CM: How involved are you in the installation of your works?
RE: I always let the gallery do that. I am too close to the works. Proper curation needs a distance the artist doesn’t have. Maybe a piece needs to be pulled from the show to make it work as a whole, which is hard for an artist to do because maybe you spent two hundred hours on the piece.
CM: Your art has taken you all over the world and you’ve got a bit of an American focus when it comes to subject matter. Where have you found the most surprising response?
RE: I was in the Philippines and I saw some kids doing graffiti so we pulled over and I yelled at them that I was going to call the police. They turned around and said “holy shit, you’re Ron English!” I was quite surprised they knew me. I drew in all their sketch books.
CM: How do art shows in commercial galleries fit within the global economic crisis?
RE: I don’t think it’s as big of a concern for artists as we can only make so many paintings and if they don’t sell today they will sell tomorrow. The galleries will have a more difficult time because their expenses are a lot greater.
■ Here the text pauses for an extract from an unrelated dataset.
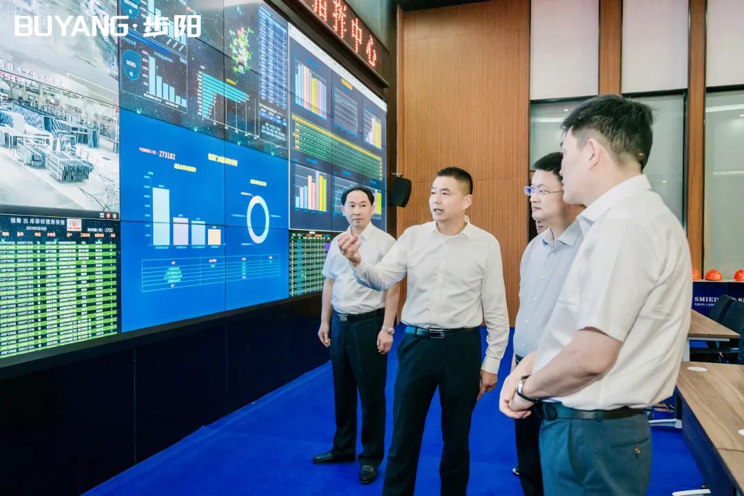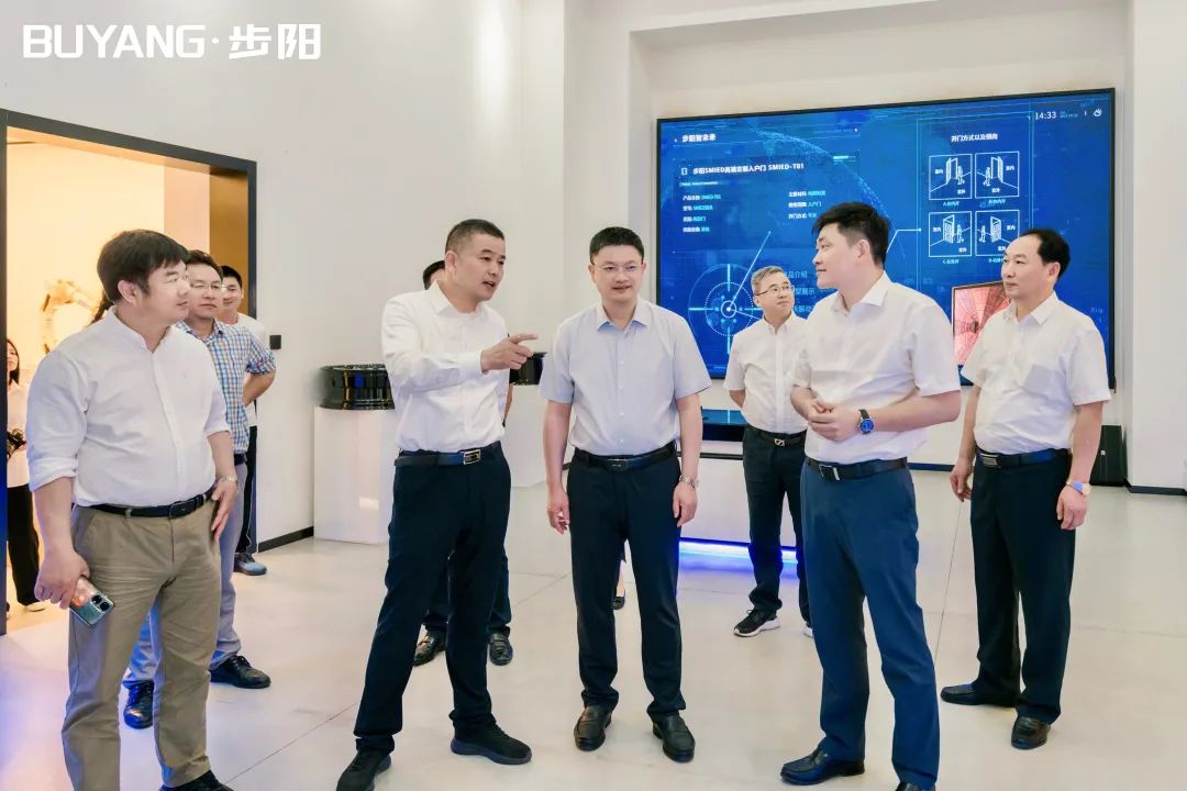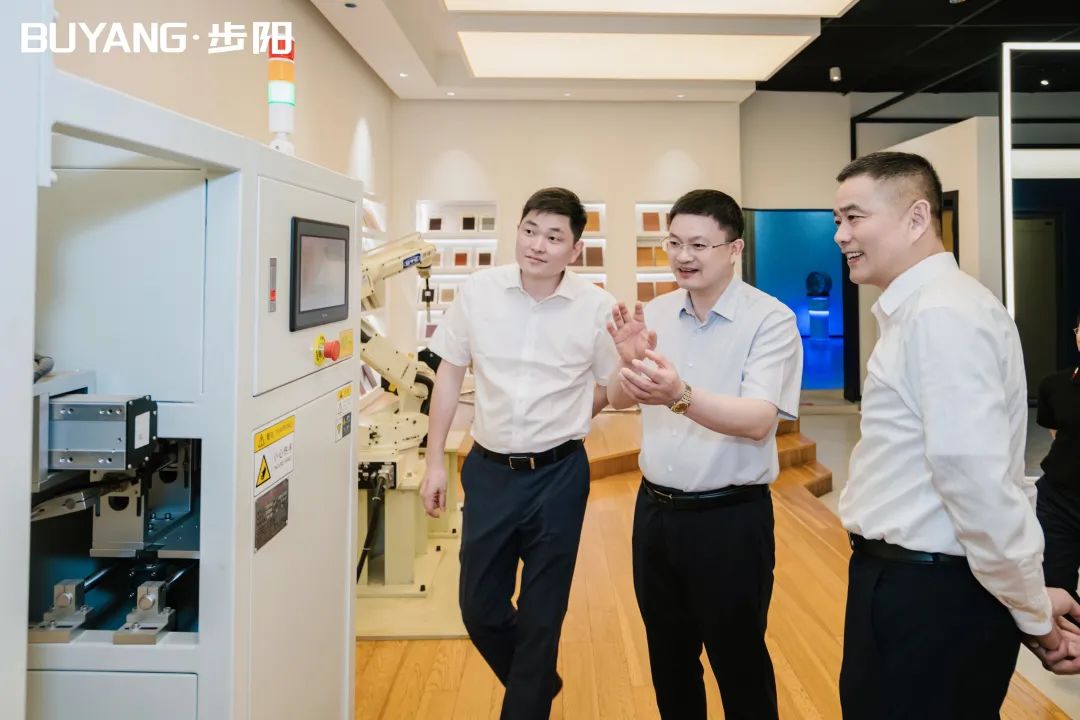 集團董事長徐步云陪同呂書記一行參觀了步陽科技館、黨建中心及門成品展廳/汽輪/大數據中心,步陽工匠室、5G智能流水線,并聽取總經辦副總經理朱寧介紹公司科技創新轉型、生產自動化流水線等相關介紹解說。

CM: Do you collect? If so, what grabs you?
RE: I am hoping the economic crises makes collecting easier for the next couple years. For the last couple years all the artists I love have been having sell out shows so there was never anything available. I have recently managed to get a Mark Dean Veca, a Banksy, a Futura, a Saber, a Adam Neate, a Sas Christian and am getting Travis Louie, Genieve Zacconi and Lori Early to do portraits of my daughter Zephyr
CM: What challenges are there in translating your artistic mission from the 2-dimensional to film?
RE: The only challenge for the Abraham Obama movie was recruiting the great
director Kevin Chapados.
CM: Finally, what can new viewers expect entering “Lazarus Rising”?
RE: The resurrection of the art world.